Unfortunately, we in India are all too familiar with Hindutva sympathisers questioning the loyalty of Muslims, or wanting them to ‘acknowledge with pride’ their Hindu ancestry (as Subramanian Swamy did in his response to the recent bomb blasts in Mumbai). But most standard-issue Sanghis, however prejudiced they may be in reality, still claim that as good Hindus they believe in ‘sarva dharma samabhaav’ (equal regard for all religions) as a hallmark of the tolerance and pluralism of their ancient Vedic faith. Indeed, this mantra has served the BJP and RSS quite well, for they could oppose any concessions to religious minorities as contrary to the equal treatment of all religions, and, therefore, ‘pseudo-secularist’.

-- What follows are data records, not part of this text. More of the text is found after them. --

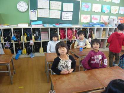 2年1組では、すでに読書タイムを終えて、健康調べを係の子どもたちが前に出て行っていました。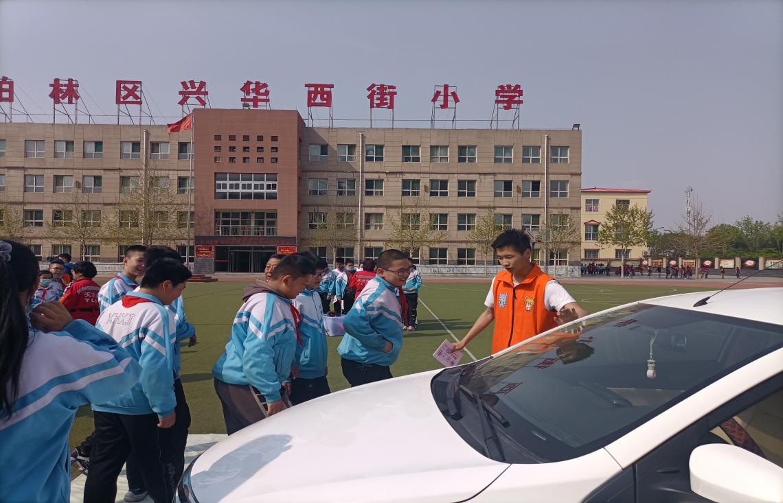 活动期间,志愿者们顶着炎热的烈日,将活动需要的海报、桌子等物品进行了提前的布置。志愿者主动积极参与,通过海报展示、志愿者讲解、传单发放,拍照记录等方式向孩子们宣传、普及交通安全活动及相关志愿知识。大家各司其职,与孩子们和谐欢乐的相处。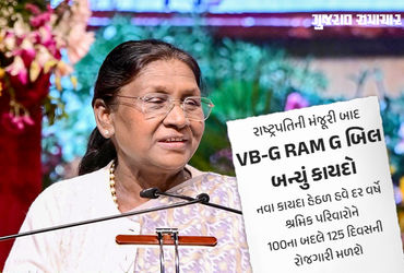 VB G RAM G: રાષ્ટ્રપતિ દ્રૌપદી મુર્મૂએ રવિવાર(21 ડિસેમ્બર)ના રોજ વિકસિત ભારત રોજગાર અને આજીવિકા મિશન ગ્રામીણ (VB G RAM G) બિલ પર મંજૂરીની મહોર મારી દીધી છે. રાષ્ટ્રપતિની સહી બાદ આ બિલ હવે કાયદો બની ગયો છે. મહત્વનું છે કે VB G RAM G બિલને પહેલા લોકસભા અને બાદમાં રાજ્યપાસમાં ચર્ચા અને ભારે વિરોધ બાદ પાસ કરવામાં આવ્યું હતું. હવે ‘જી રામજી જી’ કાયદા મુજબ ગ્રામીણ પરિવારોને પ્રતિ વર્ષ 125 દિવસની બંધારણીય રોજગારી હક્ક મળશે જે પહેલા મનરેગા મુજબ 100 દિવસ હતો.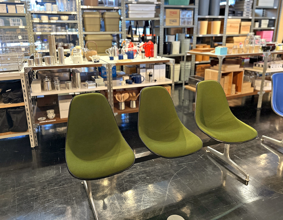 80~90年代のイームズのシェルチェアが取り付けられたタンデムシートは、空港など公共施設などで使われていたものでかなりのレアアイテム。D&DEPARTMENTでは、昨年とある公共施設から30台入手したそうで、この日も3台のタンデムシートが並んでいました。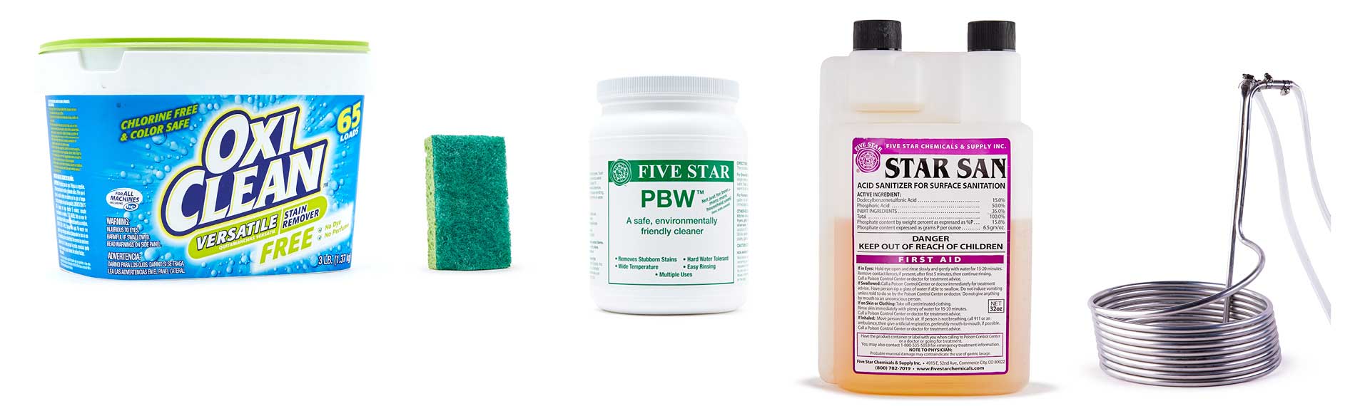 Cleaning needn’t be a protracted chore. Just clean your brewing equipment as you would your plates, pots, pans, and other kitchenware. Try to avoid using dish soap, though, as it can leave an invisible film that may destroy the head on your beer later on. Instead, wash your equipment using an oxygen-based detergent. Powdered Brewery Wash (PBW), formulated especially for brewers, is available from virtually all homebrew retailers and is the gold standard for cleaning brewing equipment. OxiClean, another excellent choice, is widely available, highly effective, and very affordable.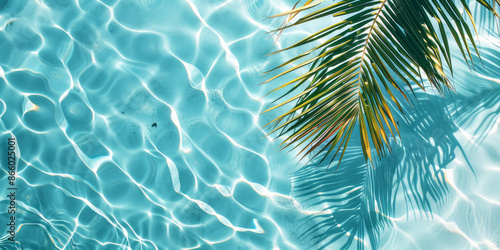 Water and sand surface with tropical palm leaves shadow. Green palm leaf shadow on white sand beach of an ocean shore. Tropical background for summer vacation at the beach. Calm sea, perfect vacation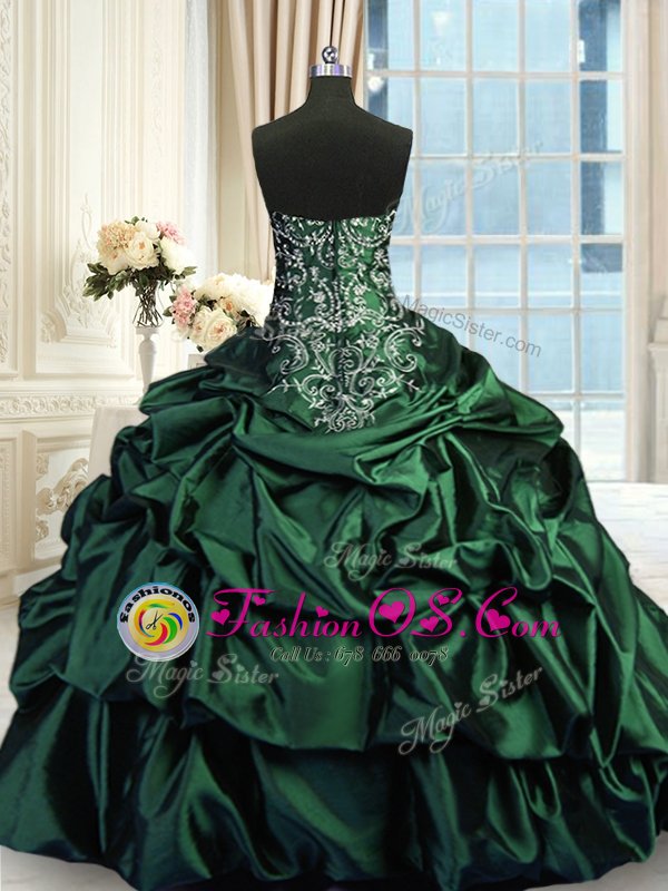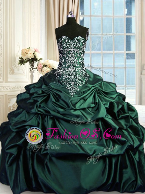Graceful Floor Length Zipper Sweet 16 Quinceanera Dress Dark Green and In for Military Ball and Sweet 16 and Quinceanera with Beading and Embroidery and Pick Ups

What distinguishes the VoI-brand of Hindutva—and pushes it into the global network of Islamophobia—is its staunch opposition to the mantra of sarva dharma samabhaav, the Hindu equivalent of multiculturalism. Hinduism, they assert, is not any ordinary religion, but rather contains the very essence of religion itself: it is sanatan dharma, the Eternal Cosmic Truth. To equate Hindu dharma, this mother of all Truth, with violent, materialistic and monotheistic ‘creeds’ like Islam amounts to equating dharma with adharma, the ways of devas (gods) with the ways of asuras (demons).
As Sita Ram Goel, the founding member of VoI, put it, “To entertain samabhaav (equal regard) for Islam and Christianity, by giving them the status of dharma is to extend [an] invitation to doom… These ideologies are not worthy of being called dharma in any sense of the word. Contrary to this, they are brimful [sic] of imperialistic expansion.”
Once they got rid of the mantra of sarva dharma samabhaav, VoI militants declared an open war against Islam. Their new consensus is that rather than ‘appease’ Muslims by pretending to respect their religion, Hindus need to debunk the claims of the ‘false’ and ‘monstrous’ doctrines of Islam. Indeed, Koenraad Elst has himself applauded this new war on Islam. In accordance with the VoI line on Islam being ‘asuric’, he has proclaimed that, “Every Muslim is a Sita who must be released from Ravana’s prison. We should help Muslims in freeing themselves from Islam.”
This is exactly the agenda of the Norway killer—to ‘educate’ Norwegian society, including Muslim immigrants—that ‘Islam is not a religion but a political ideology.’ This is the ‘non-violent’ component of the ‘crusade’ against Islam in Europe: to create an environment so hostile that the practice of Islam becomes difficult and that Muslims have no choice but to either leave or give up their faith.
Indeed, if there were any doubt about the shared ground between the VoI and European Islamophobes, Elst gives the same advice, in almost the same words, to the Norway killer as he does to his VoI admirers. The solution to the ‘Islam problem’ is not to use violence, ‘but to liberate Muslims from the mental prison-house of Islam’.
This war against Islam is the thread that dubiously binds Extremist India with the Norway massacre.